#### Supplied data

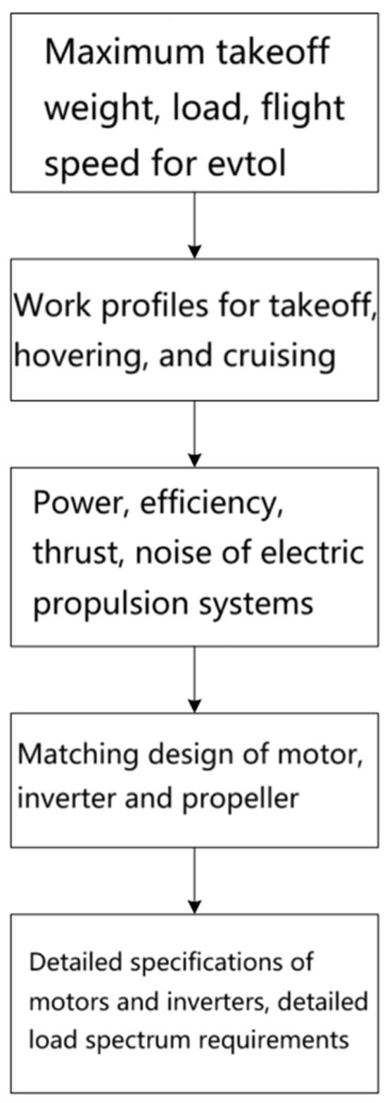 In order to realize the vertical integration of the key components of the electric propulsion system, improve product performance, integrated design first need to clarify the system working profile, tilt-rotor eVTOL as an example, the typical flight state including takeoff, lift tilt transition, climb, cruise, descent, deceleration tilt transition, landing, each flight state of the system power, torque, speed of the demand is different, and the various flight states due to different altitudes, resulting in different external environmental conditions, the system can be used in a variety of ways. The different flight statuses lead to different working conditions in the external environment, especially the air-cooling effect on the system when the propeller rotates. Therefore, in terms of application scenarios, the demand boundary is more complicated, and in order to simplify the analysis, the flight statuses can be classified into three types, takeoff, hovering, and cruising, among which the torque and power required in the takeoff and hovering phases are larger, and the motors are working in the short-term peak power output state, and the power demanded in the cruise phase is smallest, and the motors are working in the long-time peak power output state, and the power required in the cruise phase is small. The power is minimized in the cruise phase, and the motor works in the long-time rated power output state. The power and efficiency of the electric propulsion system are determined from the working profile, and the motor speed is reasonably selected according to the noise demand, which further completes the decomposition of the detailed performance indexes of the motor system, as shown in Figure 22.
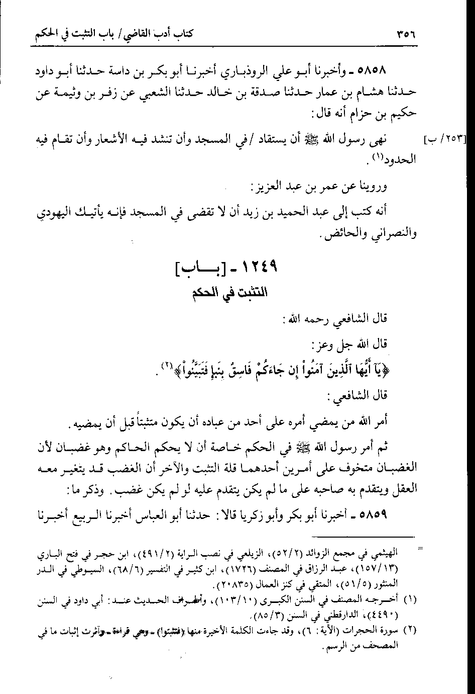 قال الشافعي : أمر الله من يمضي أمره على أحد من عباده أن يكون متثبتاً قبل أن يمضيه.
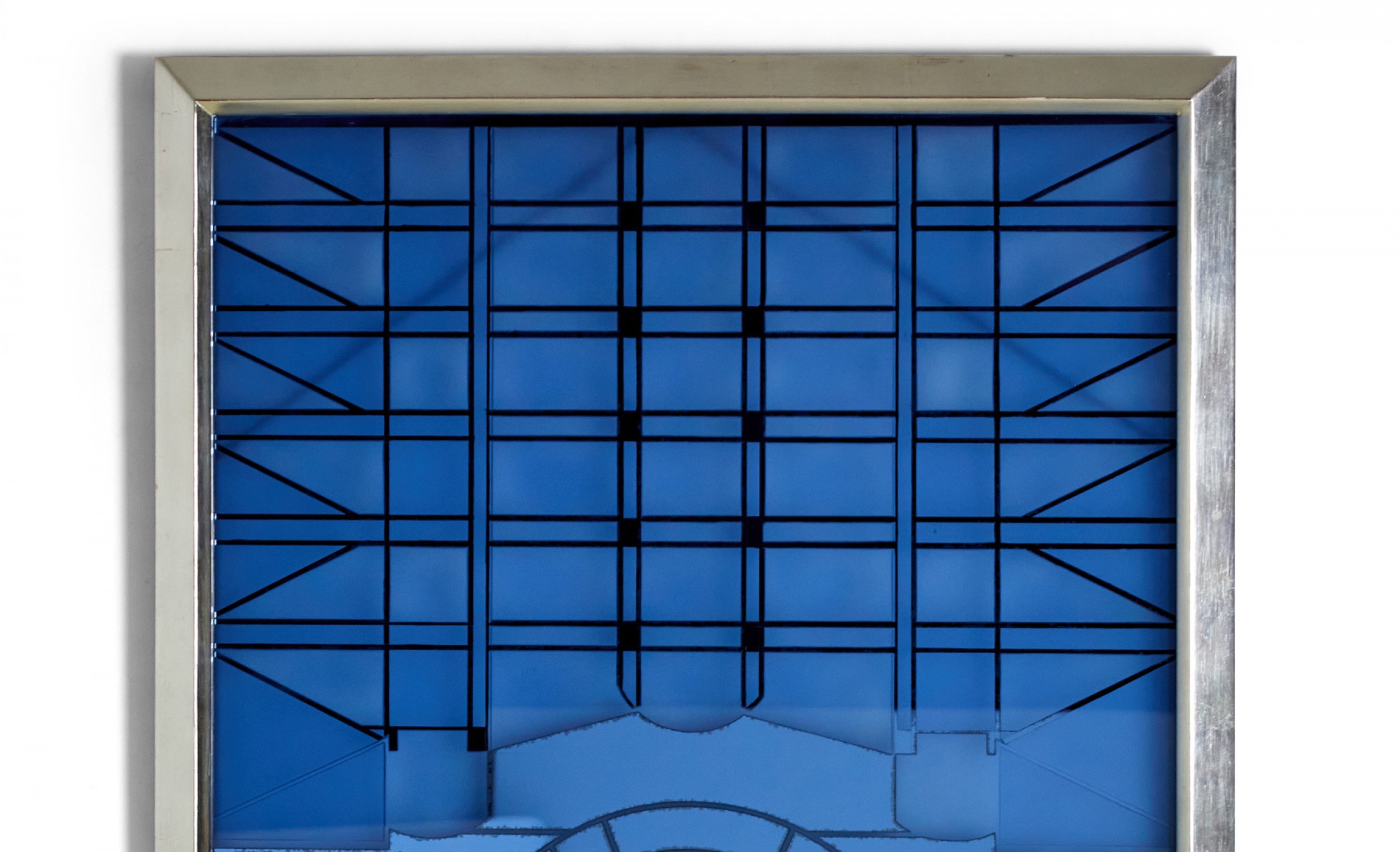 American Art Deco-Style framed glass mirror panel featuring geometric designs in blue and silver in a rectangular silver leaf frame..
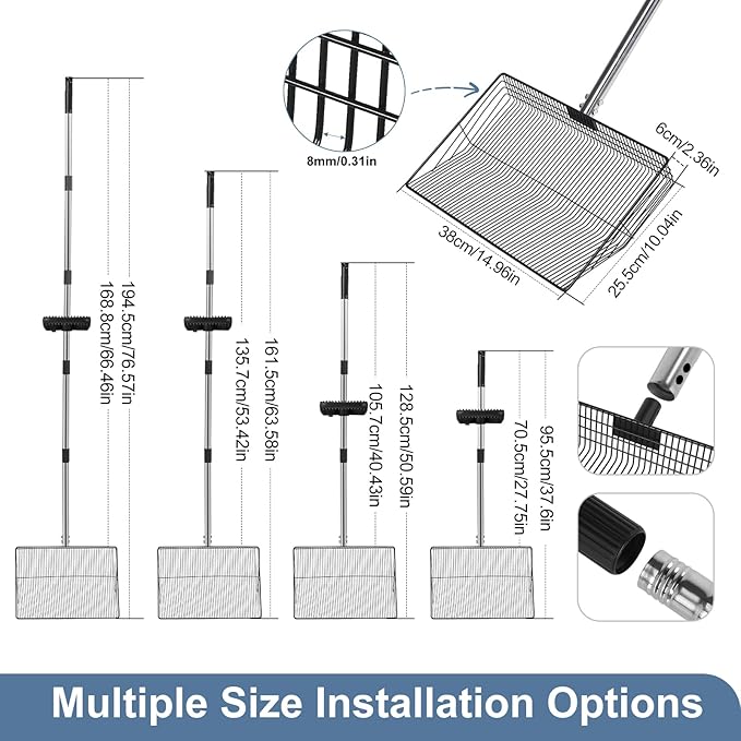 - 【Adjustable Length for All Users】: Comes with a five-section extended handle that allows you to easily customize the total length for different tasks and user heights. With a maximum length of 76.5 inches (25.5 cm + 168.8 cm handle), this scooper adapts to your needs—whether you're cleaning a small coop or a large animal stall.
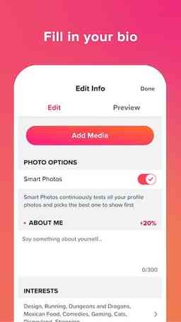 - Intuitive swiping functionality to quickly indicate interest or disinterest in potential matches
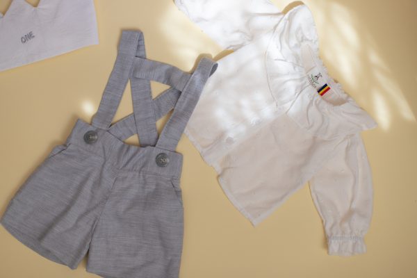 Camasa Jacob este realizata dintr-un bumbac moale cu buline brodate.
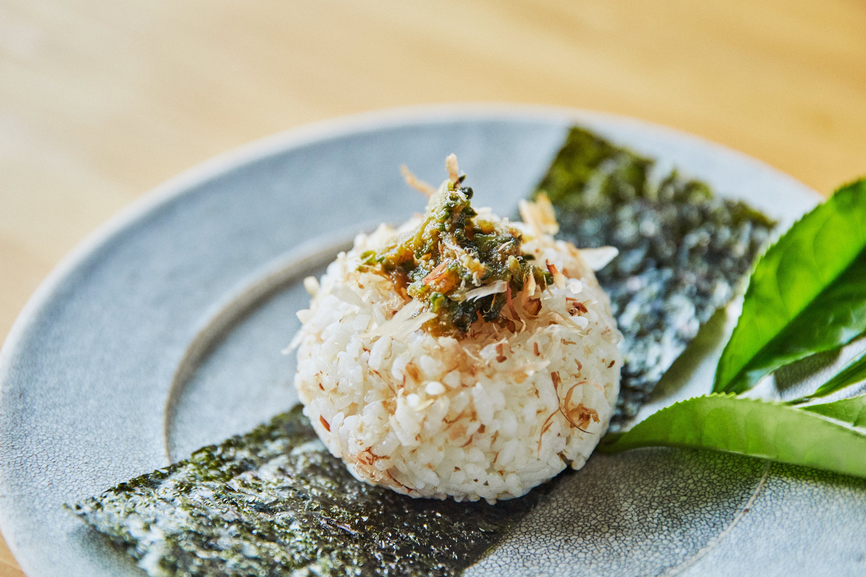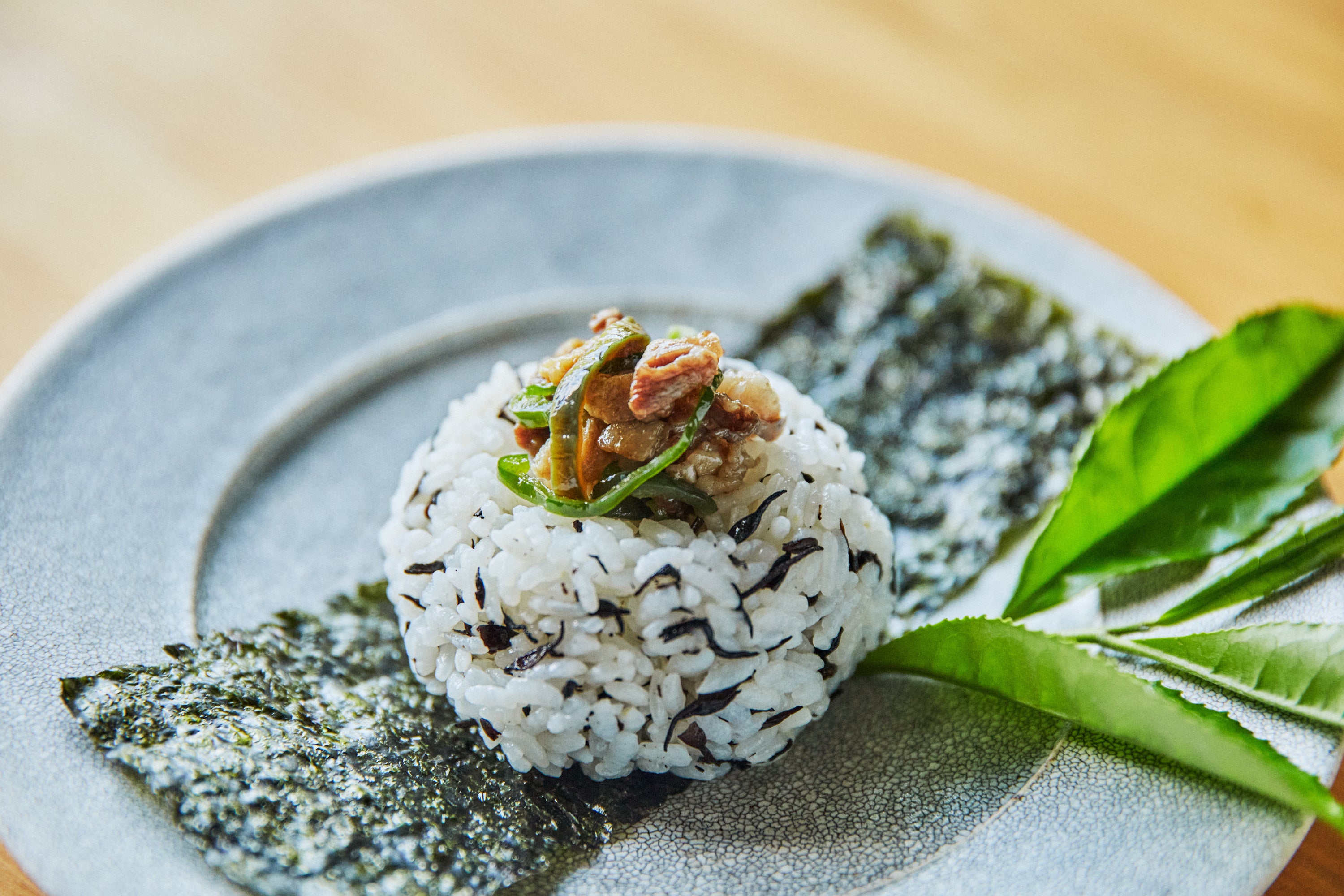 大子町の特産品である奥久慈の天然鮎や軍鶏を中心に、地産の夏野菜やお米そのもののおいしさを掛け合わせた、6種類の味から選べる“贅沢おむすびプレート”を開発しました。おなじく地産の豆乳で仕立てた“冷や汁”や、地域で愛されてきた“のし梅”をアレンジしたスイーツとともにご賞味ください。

########

Description of the task:
With the pictures left out, output exactly the lines from the one with "American Art Deco-Style" through the end of the listing above, both ends included.

Answer for the task:
 American Art Deco-Style framed glass mirror panel featuring geometric designs in blue and silver in a rectangular silver leaf frame..
 - 【Adjustable Length for All Users】: Comes with a five-section extended handle that allows you to easily customize the total length for different tasks and user heights. With a maximum length of 76.5 inches (25.5 cm + 168.8 cm handle), this scooper adapts to your needs—whether you're cleaning a small coop or a large animal stall.
 - Intuitive swiping functionality to quickly indicate interest or disinterest in potential matches
 Camasa Jacob este realizata dintr-un bumbac moale cu buline brodate.
 大子町の特産品である奥久慈の天然鮎や軍鶏を中心に、地産の夏野菜やお米そのもののおいしさを掛け合わせた、6種類の味から選べる“贅沢おむすびプレート”を開発しました。おなじく地産の豆乳で仕立てた“冷や汁”や、地域で愛されてきた“のし梅”をアレンジしたスイーツとともにご賞味ください。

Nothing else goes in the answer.